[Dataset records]
◇ ◇ ◇

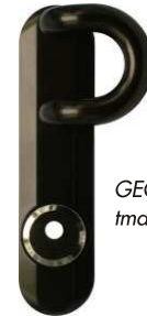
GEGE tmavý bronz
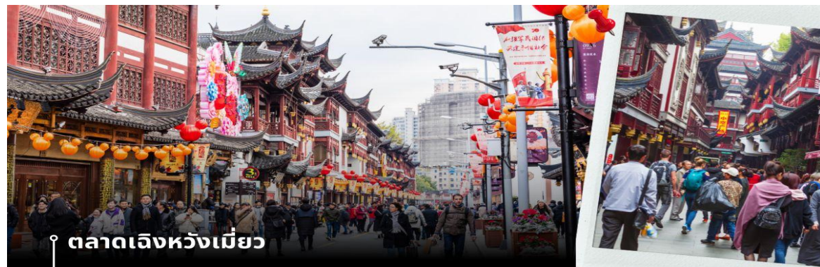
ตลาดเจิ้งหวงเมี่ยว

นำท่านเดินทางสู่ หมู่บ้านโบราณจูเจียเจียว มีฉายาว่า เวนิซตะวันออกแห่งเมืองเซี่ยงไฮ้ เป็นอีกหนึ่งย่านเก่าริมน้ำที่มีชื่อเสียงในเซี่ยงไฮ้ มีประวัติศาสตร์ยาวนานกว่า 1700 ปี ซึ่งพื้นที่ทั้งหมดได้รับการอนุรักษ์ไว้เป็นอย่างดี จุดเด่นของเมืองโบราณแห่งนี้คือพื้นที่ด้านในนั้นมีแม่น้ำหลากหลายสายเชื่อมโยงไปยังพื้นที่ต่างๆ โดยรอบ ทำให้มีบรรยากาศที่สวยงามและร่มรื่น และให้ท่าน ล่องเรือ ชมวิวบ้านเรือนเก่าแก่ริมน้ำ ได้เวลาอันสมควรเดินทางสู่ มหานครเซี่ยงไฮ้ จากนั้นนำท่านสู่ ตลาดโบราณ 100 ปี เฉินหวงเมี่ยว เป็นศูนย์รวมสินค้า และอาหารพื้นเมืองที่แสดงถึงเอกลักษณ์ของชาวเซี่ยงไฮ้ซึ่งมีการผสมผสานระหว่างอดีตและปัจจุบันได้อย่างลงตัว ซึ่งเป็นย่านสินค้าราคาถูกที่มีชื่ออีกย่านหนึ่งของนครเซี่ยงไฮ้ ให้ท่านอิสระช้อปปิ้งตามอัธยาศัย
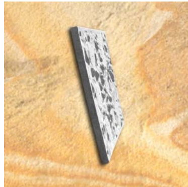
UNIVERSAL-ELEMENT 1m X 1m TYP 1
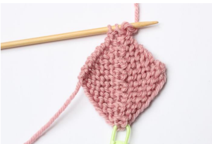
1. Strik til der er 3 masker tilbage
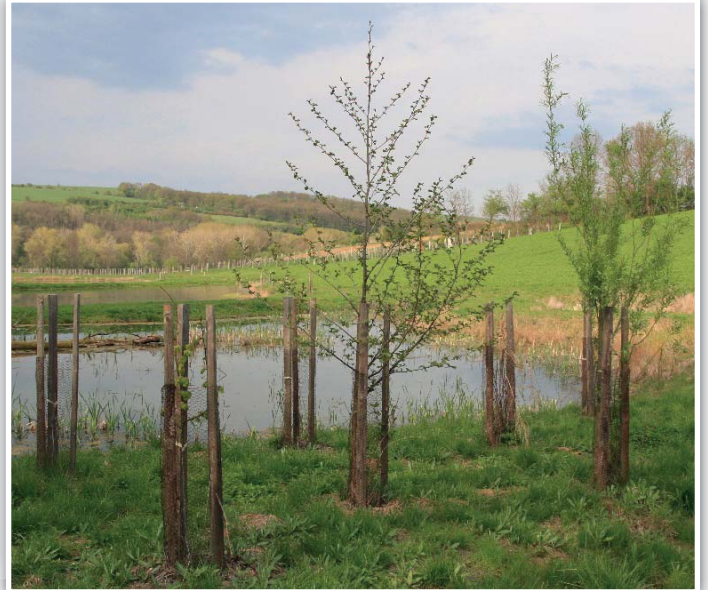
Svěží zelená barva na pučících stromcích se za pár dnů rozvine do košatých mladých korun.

◇ ◇ ◇

- **Problem**: No pictures belong in the copy. Retype exactly, and only, the lines from the line containing "UNIVERSAL-ELEMENT 1m X 1m TYP 1" through the last line of the data, both included.

- **Exercise output**:
UNIVERSAL-ELEMENT 1m X 1m TYP 1
1. Strik til der er 3 masker tilbage
Svěží zelená barva na pučících stromcích se za pár dnů rozvine do košatých mladých korun.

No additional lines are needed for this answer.